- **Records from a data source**
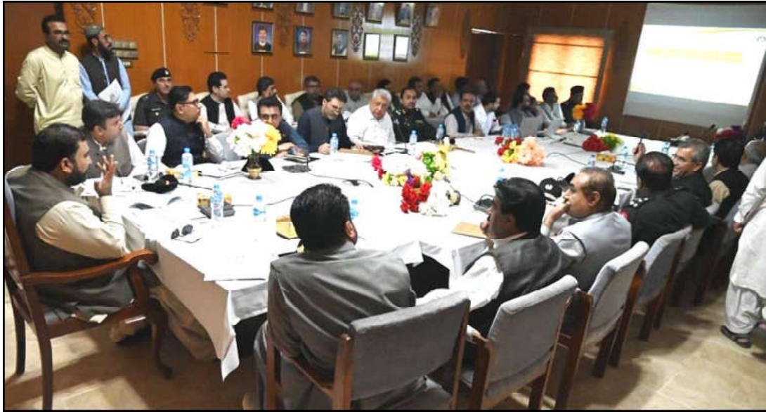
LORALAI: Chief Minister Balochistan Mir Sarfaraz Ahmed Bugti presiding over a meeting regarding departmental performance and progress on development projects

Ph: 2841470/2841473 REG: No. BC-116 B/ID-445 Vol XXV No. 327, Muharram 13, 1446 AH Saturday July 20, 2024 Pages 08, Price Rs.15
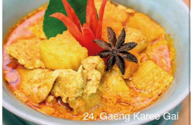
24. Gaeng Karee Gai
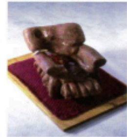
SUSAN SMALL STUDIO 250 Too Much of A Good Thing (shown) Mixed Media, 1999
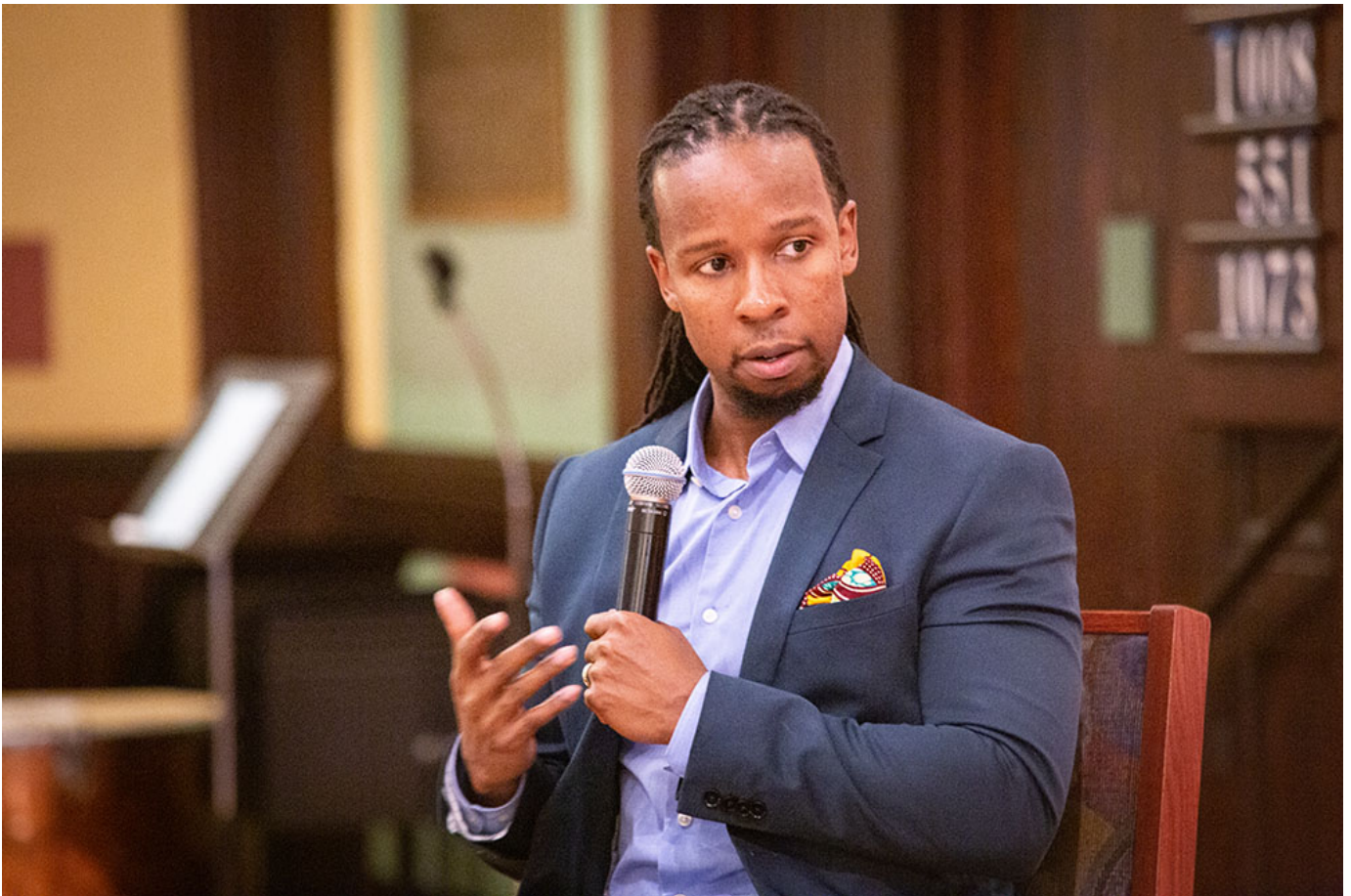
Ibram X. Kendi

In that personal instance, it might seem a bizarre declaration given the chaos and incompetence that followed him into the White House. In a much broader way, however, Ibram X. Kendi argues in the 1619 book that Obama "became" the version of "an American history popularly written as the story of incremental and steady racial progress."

* * *

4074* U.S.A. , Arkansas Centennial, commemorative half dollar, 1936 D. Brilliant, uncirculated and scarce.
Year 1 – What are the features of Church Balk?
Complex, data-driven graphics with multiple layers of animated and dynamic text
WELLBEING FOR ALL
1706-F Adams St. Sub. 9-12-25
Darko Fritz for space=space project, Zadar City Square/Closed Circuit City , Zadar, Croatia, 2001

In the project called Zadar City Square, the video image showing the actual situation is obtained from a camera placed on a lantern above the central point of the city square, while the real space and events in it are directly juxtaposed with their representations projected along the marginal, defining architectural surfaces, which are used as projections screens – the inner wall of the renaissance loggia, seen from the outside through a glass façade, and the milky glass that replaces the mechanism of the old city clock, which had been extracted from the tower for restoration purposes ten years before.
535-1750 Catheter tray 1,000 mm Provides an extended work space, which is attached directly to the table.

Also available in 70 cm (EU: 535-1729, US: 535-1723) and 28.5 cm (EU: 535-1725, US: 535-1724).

- **About this task**
Reproduce, exactly and only, the lines of the records above starting at the line with "LORALAI: Chief Minister" and ending at the line with "In that personal", both included. Leave every picture out.

- **Response to the exercise**
LORALAI: Chief Minister Balochistan Mir Sarfaraz Ahmed Bugti presiding over a meeting regarding departmental performance and progress on development projects

Ph: 2841470/2841473 REG: No. BC-116 B/ID-445 Vol XXV No. 327, Muharram 13, 1446 AH Saturday July 20, 2024 Pages 08, Price Rs.15
24. Gaeng Karee Gai
SUSAN SMALL STUDIO 250 Too Much of A Good Thing (shown) Mixed Media, 1999
Ibram X. Kendi

In that personal instance, it might seem a bizarre declaration given the chaos and incompetence that followed him into the White House. In a much broader way, however, Ibram X. Kendi argues in the 1619 book that Obama "became" the version of "an American history popularly written as the story of incremental and steady racial progress."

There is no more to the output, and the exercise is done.